Correction Statement

This article has been corrected with minor changes. These changes do not impact the academic content of the article.

Additional information

Funding

This work was supported by JSPS KAKENHI.

Appendix

Figure A1. Correlation coefficients for each pair of the nine explanatory and objective variables.

Variable names are displayed on the diagonal line from the upper left to the lower right of the matrix. The upper right of the matrix graph shows the correlation coefficients, the lower left a scatter plot, and the center a histogram and probability density.

Table A1. Selection of explanatory variables using the VIF function.

Variable	GVIF^a	Df^b	GVIF ^ (1/(2*Df ))
Ownership classification	1.47	1	1.21
Forest age	1.63	1	1.28
MAT	2.53	1	1.59
DEM	1.50	1	1.23
Precipitation	1.73	1	1.32
Forest type	1.86	2	1.17
Dominant tree species	1.69	2	1.14
Volume	1.40	1	1.18
Forestry operation	1.03	1	1.01

^a GVIF: Generalized VIF 

^b Df : Degree of freedom

Table A2. Environmental factors affecting carbon stocks in deadwood.

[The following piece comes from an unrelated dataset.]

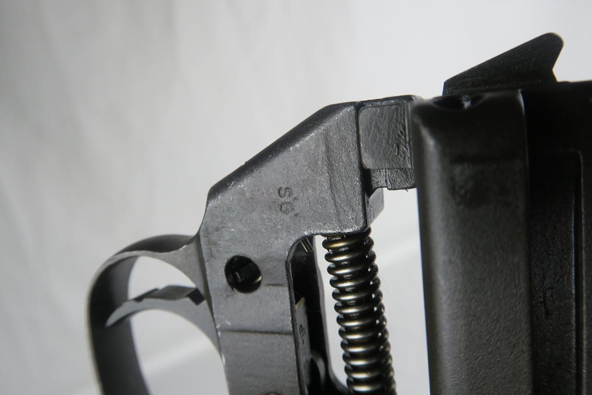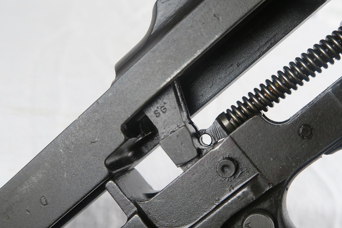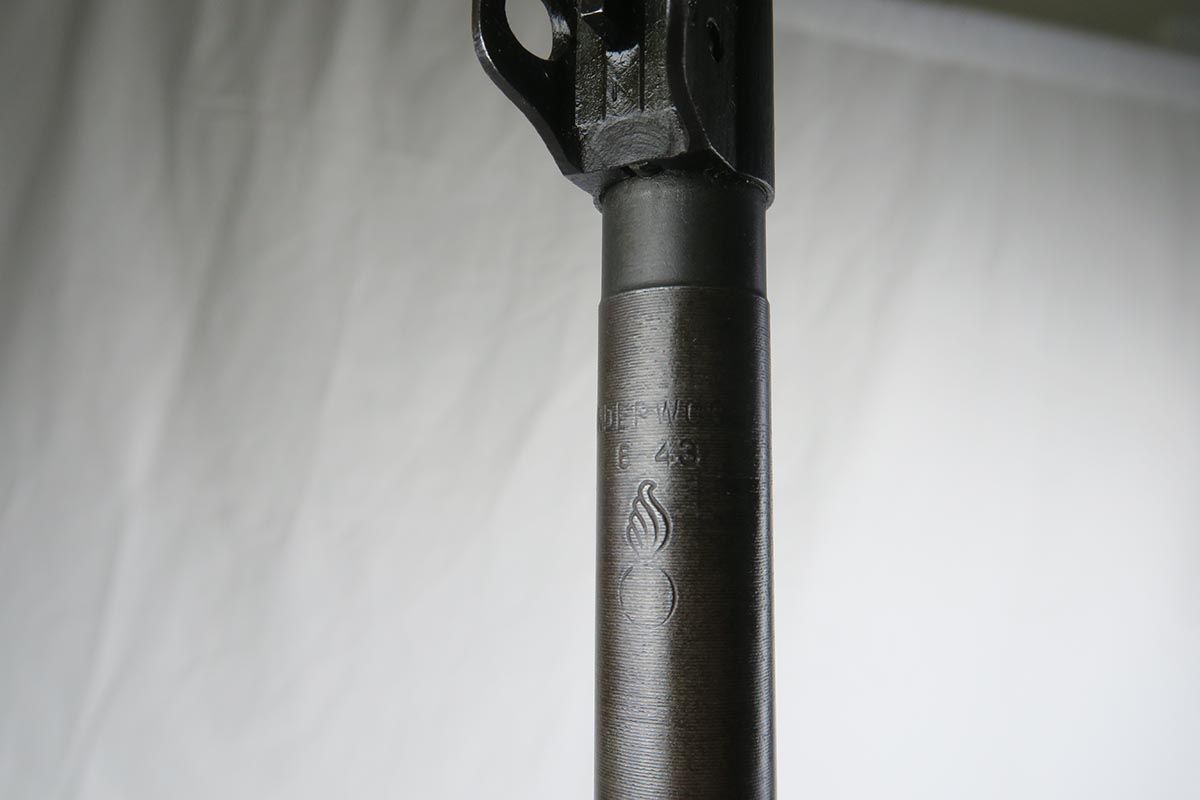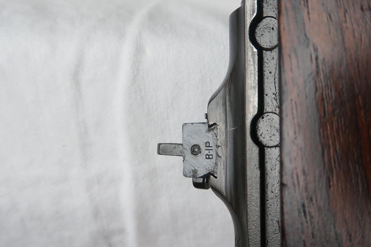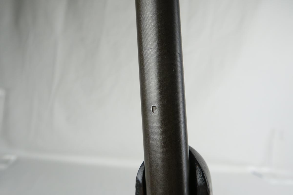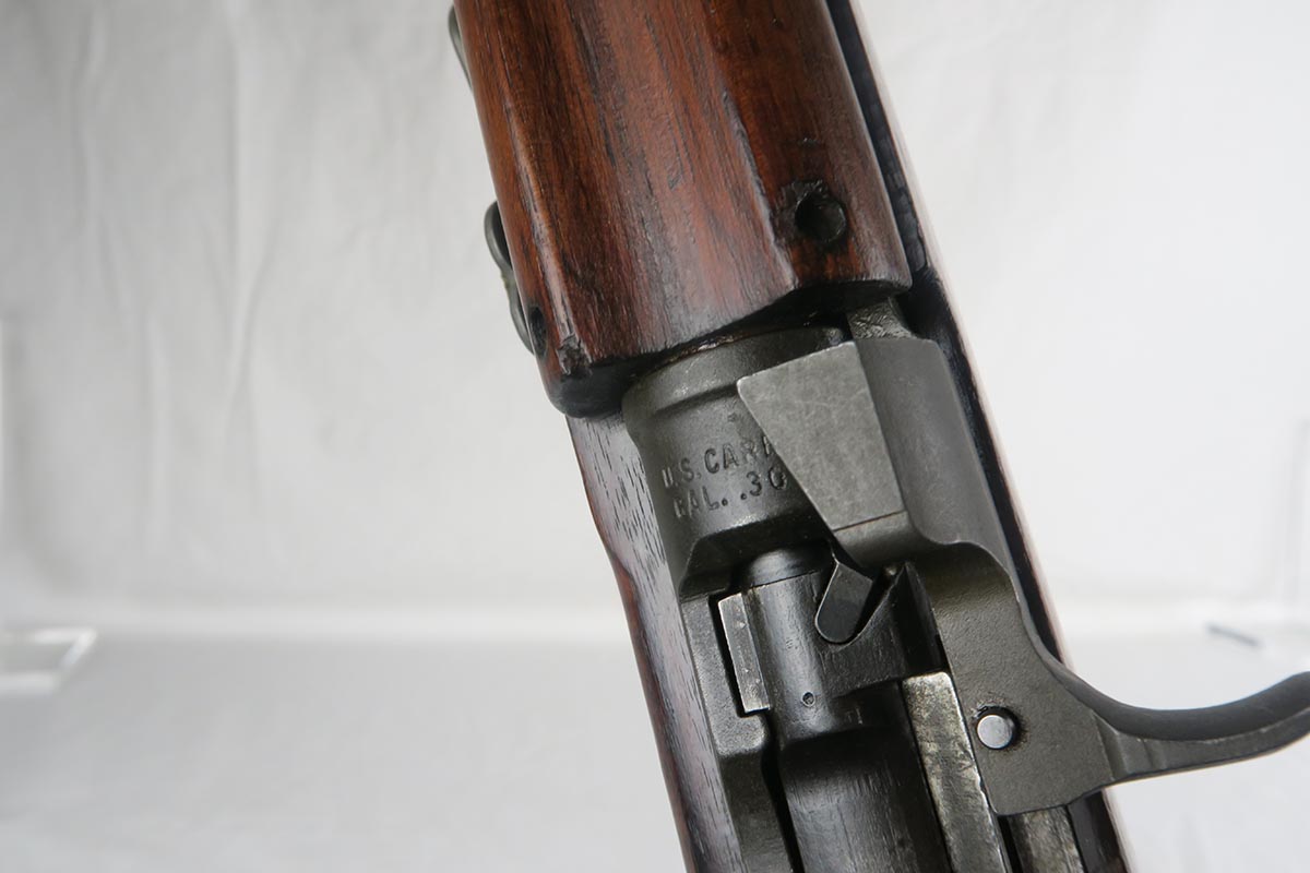 12/1/17 – This is an excellent and potentially very rare M1 Carbine made by Saginaw.  Saginaw Gear only made about 8% of the total carbines in WW2 and gained two locations when they took over the Irwin Pedersen Arms Co.   They used Underwood barrels, and this one has the date of June, 1943.  Also marked with a flaming bomb and P.   The stock is excellent with the exception of a “ding” on the forward left side.  Under the strap is the RSG mark for Saginaw Gear, but also a USN mark.  Along with this, the receiver is marked UNITED STATES NAVY, but it’s mostly obscured by the stock until you take the gun apart.   Have not seen this before, and we don’t know when the mark would’ve been applied.  There are various small parts marked IP as they were left over Irwin Pedersen parts. These include the safety button and rear site.  Many other parts are marked S’G’ including the Magazine.  Excellent and all original finish.  Bore is pretty shiny with strong rifling.  Very little muzzle wear.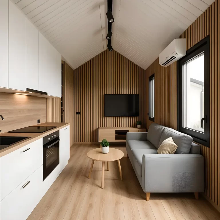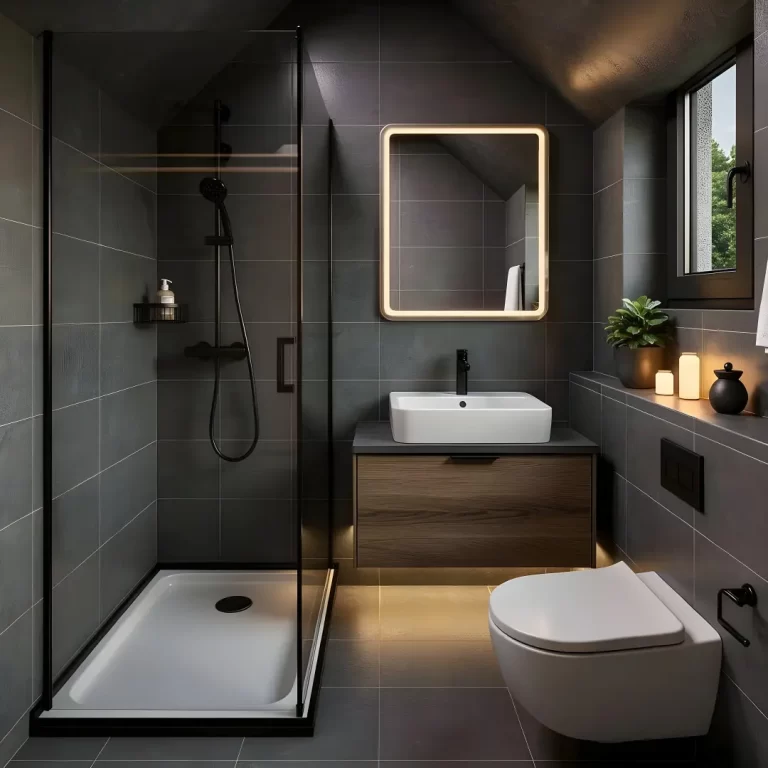 - Badezimmer – Premium-Version: Duschkabine 90 × 90 cm, Wandhängendes WC, Verkleidete Wände in verschiedenen Optiken (Holzoptik, Steinoptik), Großes Waschbecken mit Unterschrank und LED-Spiegel, Elektrischer Heizkörper, 60 Liter SLIM Boiler

Variables	Estimate	Std.Error	t value	Pr(>ltI)
(Intercept)	−0.143	0.028	−5.174	<0.001	***
Ownership classification, Private	−0.061	0.022	−2.766	0.006	**
MAT_s	0.016	0.021	0.751	0.452
Forest type, Other	0.013	0.055	0.242	0.809
Forest type, Planted	0.009	0.023	0.376	0.707
Dominant tree species, Broad	−0.189	0.021	−8.869	<0.001	***
Dominant tree species, Others	0.103	0.075	1.368	0.171
Forestry operation, Yes	0.141	0.035	4.019	<0.001	***
Age_slog	−0.026	0.019	−1.370	0.171
DEM_slog	0.075	0.021	3.634	<0.001	***
Precipitation_slog	−0.011	0.012	−0.979	0.328
Volume_slog	0.066	0.010	6.624	<0.001	***
Ownership classificationPrivate:Age	0.029	0.019	1.547	0.122
Ownership classificationPrivate:DEM	−0.038	0.023	−1.674	0.094	.
MAT: Forest typeOther	−0.007	0.048	−0.135	0.892
MAT_s:Forest typePlanted	0.049	0.021	2.269	0.023	*
MAT_s:Dominant tree speciesBroad	0.043	0.020	2.125	0.034	*
MAT_s:Dominant tree speciesOther	−0.007	0.061	−0.115	0.908
MAT_s:Forestry operationYes	−0.079	0.056	−1.407	0.159
MAT_s:DEM_slog	0.030	0.009	3.354	<0.001	***
MAT_s:Precipitation_slog	−0.026	0.009	−2.751	0.006	**
MAT_s:Volume_slog	−0.051	0.012	−4.200	<0.001	***
Dominant tree speciesBroad:Age_slog	0.041	0.019	2.157	0.031	*
Dominant tree speciesOther:Age_slog	−0.073	0.055	−1.347	0.178
Forestry operationYes:DEM_slog	−0.063	0.041	−1.524	0.128
Forestry operationYes:Precipitation_slog	0.070	0.047	1.502	0.133
Age_slog:DEM_slog	0.017	0.010	1.771	0.077	.
Age_slog:Precipitation_slog	−0.028	0.010	−2.744	0.006	**
DEM_slog:Volume_slog	−0.032	0.010	−3.203	0.001	**
Precipitation_slog:Volume_slog	0.017	0.011	1.491	0.136

Significance codes: ***p < .001; **p < .01; *p < .05.

・s: Standardization.

・slog: After logarithmic transformations, the data were standardized.